In terms of bookings, MGM says room occupancy was mostly contained in September, with occupancy rate for the month at 88%. This was down from 93% in September 2022.

In addition, MGM notes that it incurred less than $10m in one-time expenses in Q3 related to the cyberattack. These included technology consulting services, legal fees and expenses of other third-party advisors.

However, MGM adds that it is still unsure as to the full financial impact of the incident.

“Although the company currently believes that its cybersecurity insurance will be sufficient to cover the financial impact to its business as a result of the operational disruptions, the one-time expenses described above and future expenses, the full scope of the costs and related impacts of this issue has not been determined,” MGM said.

“Based on the ongoing investigation, the company believes that the unauthorised third-party activity is contained at this time.”

MGM pledges to support customers

In a further update, MGM has revealed the type of information that was stolen during the attack. This includes the name, contact information, gender, date of birth and driver’s licence number of some customers.

MGM also says for a limited number of players, social security number and passport number was also affected. It adds that the types of impacted information varied by individual.

However, MGM stressed that it does not believe player passwords, bank account numbers or payment card information was affected.

Soon after learning of the cyberattack, MGM took steps to protect its systems and data, including shutting down certain systems. It also launched an investigation with the assistance of cybersecurity experts and continues to coordinate with law enforcement over the case.

MGM is now in the process of notifying impacted customers and has arranged to provide those customers with credit monitoring and identity protection services free of charge.

“MGM Resorts takes the security of its systems and data very seriously and has put in place additional safeguards to further protect its systems,” MGM said.

A hacker group called Scattered Spider, reportedly part of a ransomware collective, is claiming responsibility for the breach.

Scattered Spider said it launched ransomware attacks across MGM’s systems. The group also threatened further attacks on MGM’s infrastructure if MGM failed to meet payment demands.

Caesars also hit by cyberattack

In the days after MGM was hit by the cyberattack, Caesars Entertainment also reported a similar issue. In a filing with the Securities and Exchange Commission on 14 September, the operator said its loyalty programme was compromised.

Following an investigation, it was revealed attackers obtained customer data including a copy of Caesars’ loyalty programme database. This database detailed the driver’s licence numbers and social security numbers of various loyalty programme members.

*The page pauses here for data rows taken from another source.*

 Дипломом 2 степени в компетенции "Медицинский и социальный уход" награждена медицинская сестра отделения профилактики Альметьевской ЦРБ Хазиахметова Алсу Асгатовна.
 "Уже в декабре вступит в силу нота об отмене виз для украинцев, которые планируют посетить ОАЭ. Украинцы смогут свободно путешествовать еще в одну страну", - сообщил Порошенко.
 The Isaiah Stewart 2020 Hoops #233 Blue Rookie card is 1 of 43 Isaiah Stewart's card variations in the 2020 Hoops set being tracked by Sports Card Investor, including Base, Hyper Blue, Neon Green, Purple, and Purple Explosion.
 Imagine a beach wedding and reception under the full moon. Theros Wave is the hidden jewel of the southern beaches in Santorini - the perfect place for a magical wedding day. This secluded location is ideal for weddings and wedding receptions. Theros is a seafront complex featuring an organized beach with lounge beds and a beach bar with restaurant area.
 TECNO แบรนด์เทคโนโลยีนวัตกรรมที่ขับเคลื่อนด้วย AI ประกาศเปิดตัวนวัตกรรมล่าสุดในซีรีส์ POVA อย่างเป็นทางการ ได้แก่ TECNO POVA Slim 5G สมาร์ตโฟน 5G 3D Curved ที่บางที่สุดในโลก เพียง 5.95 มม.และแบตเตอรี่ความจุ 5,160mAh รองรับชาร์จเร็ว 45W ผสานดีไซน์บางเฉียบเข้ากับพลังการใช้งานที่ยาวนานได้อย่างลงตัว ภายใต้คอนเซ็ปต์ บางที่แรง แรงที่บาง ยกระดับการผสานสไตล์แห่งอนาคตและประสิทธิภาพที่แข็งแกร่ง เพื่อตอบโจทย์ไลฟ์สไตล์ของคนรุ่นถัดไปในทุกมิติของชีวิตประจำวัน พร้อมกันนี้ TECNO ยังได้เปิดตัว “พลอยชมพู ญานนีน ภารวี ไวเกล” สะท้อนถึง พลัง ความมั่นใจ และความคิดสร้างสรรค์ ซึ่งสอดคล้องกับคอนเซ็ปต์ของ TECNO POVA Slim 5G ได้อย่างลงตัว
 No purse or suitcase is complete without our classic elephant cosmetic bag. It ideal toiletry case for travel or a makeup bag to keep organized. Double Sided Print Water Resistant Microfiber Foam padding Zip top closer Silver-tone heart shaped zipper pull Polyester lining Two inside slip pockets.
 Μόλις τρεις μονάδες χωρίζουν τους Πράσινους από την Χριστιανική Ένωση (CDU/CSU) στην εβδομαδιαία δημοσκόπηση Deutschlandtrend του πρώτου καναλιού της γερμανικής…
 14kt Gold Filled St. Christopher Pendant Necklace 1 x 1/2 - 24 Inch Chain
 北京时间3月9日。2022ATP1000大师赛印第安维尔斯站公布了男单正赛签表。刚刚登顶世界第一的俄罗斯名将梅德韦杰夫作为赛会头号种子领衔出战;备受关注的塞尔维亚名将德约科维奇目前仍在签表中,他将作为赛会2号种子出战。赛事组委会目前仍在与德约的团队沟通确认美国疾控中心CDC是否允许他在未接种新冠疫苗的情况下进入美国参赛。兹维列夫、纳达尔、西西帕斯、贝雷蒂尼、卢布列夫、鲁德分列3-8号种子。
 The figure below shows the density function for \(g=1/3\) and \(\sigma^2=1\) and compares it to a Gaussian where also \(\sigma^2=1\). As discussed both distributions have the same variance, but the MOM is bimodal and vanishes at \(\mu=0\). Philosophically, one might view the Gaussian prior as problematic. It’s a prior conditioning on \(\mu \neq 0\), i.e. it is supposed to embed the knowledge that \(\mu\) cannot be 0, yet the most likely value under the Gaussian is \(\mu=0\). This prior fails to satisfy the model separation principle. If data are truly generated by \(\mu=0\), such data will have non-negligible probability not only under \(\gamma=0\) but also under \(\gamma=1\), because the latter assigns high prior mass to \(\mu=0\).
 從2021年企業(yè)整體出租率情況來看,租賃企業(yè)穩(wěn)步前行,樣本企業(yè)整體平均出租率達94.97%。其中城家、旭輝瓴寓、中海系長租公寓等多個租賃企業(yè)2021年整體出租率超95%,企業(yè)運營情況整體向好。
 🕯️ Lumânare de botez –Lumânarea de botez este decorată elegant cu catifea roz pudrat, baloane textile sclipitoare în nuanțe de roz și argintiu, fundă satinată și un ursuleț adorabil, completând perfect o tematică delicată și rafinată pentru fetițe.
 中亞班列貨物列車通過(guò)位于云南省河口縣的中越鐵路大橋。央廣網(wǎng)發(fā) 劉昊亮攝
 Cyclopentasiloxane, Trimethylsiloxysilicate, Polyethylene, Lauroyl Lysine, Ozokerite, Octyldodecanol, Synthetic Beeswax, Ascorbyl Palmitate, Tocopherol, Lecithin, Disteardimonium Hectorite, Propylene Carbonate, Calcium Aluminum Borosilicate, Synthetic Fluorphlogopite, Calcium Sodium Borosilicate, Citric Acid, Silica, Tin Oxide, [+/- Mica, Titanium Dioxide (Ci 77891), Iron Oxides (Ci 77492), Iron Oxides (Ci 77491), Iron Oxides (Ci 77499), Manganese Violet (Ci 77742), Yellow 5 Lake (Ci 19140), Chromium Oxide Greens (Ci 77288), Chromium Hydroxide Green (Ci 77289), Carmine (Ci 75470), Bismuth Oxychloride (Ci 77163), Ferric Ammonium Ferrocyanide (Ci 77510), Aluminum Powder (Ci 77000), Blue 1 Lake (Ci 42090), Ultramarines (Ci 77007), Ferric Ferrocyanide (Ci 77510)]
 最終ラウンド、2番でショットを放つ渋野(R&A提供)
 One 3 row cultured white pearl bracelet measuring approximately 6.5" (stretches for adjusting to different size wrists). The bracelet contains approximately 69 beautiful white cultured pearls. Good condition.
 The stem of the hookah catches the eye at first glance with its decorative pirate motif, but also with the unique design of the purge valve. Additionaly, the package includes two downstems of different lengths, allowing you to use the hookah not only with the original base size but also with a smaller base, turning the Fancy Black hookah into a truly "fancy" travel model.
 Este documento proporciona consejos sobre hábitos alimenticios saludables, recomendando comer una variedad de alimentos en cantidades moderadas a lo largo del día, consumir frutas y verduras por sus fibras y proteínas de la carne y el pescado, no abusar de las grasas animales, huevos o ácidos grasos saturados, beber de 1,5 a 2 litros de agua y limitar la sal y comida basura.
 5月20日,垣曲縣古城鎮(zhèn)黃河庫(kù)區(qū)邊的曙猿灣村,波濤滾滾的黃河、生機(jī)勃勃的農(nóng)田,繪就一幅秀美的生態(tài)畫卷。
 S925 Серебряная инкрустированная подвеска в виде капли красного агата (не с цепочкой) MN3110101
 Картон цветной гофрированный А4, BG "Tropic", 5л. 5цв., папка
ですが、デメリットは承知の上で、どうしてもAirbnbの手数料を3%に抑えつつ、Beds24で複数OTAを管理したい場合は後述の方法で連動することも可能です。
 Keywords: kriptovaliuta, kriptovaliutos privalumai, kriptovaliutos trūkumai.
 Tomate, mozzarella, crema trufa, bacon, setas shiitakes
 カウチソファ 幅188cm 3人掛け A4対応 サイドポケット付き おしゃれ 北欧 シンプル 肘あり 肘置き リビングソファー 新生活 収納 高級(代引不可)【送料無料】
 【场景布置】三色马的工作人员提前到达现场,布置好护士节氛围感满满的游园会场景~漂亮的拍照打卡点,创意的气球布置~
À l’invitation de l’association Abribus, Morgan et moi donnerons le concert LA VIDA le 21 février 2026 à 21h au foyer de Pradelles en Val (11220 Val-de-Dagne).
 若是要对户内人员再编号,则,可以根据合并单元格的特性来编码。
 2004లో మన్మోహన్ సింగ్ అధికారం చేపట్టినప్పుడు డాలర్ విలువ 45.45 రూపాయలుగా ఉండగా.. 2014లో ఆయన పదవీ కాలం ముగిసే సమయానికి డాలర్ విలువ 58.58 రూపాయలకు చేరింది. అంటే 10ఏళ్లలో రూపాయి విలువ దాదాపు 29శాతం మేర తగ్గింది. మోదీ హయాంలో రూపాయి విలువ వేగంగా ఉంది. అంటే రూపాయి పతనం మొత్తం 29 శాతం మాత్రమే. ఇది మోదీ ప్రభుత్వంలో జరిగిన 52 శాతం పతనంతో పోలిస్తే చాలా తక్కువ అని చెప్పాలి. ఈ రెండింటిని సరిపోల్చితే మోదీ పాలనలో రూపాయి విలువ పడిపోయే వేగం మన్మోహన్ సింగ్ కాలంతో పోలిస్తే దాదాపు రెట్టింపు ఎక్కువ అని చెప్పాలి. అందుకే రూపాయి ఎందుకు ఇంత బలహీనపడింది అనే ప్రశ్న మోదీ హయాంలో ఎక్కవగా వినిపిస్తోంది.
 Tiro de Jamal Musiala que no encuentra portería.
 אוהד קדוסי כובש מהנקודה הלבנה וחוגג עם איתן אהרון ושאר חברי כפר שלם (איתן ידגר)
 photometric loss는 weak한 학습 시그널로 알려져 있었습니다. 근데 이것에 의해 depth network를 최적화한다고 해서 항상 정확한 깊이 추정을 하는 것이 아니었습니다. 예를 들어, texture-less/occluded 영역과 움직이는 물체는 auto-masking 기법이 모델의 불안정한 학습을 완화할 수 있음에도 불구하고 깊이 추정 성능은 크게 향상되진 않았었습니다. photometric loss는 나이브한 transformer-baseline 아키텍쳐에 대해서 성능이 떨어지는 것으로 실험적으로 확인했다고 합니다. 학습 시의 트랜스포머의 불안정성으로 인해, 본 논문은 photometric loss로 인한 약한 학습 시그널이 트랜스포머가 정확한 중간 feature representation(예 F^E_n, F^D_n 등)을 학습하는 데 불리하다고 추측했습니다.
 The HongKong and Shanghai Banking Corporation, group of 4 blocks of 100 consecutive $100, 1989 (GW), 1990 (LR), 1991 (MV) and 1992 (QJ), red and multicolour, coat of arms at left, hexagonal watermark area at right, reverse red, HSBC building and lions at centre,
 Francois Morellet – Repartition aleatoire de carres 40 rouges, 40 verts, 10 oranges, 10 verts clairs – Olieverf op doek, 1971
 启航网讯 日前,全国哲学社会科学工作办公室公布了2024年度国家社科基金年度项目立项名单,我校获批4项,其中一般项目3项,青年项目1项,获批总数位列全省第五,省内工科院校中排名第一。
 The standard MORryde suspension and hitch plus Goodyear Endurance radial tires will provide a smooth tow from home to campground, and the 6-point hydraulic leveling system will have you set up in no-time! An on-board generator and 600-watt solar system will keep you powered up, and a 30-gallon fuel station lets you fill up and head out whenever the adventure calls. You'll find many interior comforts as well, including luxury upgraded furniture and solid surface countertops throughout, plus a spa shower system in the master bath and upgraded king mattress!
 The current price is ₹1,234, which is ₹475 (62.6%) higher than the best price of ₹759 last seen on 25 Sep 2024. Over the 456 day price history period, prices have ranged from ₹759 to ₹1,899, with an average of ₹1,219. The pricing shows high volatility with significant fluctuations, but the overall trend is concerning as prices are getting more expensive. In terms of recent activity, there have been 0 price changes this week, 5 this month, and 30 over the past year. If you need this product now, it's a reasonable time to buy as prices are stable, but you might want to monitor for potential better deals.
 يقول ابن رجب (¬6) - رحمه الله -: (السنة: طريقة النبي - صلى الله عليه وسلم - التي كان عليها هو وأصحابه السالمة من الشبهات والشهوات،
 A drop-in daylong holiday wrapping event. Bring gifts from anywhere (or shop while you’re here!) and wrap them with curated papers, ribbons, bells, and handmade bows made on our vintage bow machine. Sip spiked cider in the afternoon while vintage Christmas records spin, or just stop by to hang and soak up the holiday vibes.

Caesars added that its customer-facing facets, such as Caesars Entertainment locations and mobile gaming apps, were unaffected by the attack.

Sources reported in the media that Caesars paid tens of millions of dollars in ransom to the cyberattackers. It is understood that MGM did not pay any ransom after its attack.

FBI says Lazarus Group responsible for Stake.com attack

Also in September, cryptocurrency online sportsbook and casino Stake.com was hit by a series of unauthorised transfers. Stake.com identified issues related to Ethereum, Polygon and the Binance Smart Chain. The FBI confirmed earlier reports that $41.0m worth of cryptocurrency was impacted.

The FBI later identified cybercrime organisation Lazarus Group as the party responsible. It also confirmed earlier reports that $41.0m worth of cryptocurrency was impacted.

Also known as APT38, Lazarus Group is affiliated with Democratic People’s Republic of Korea (DPRK).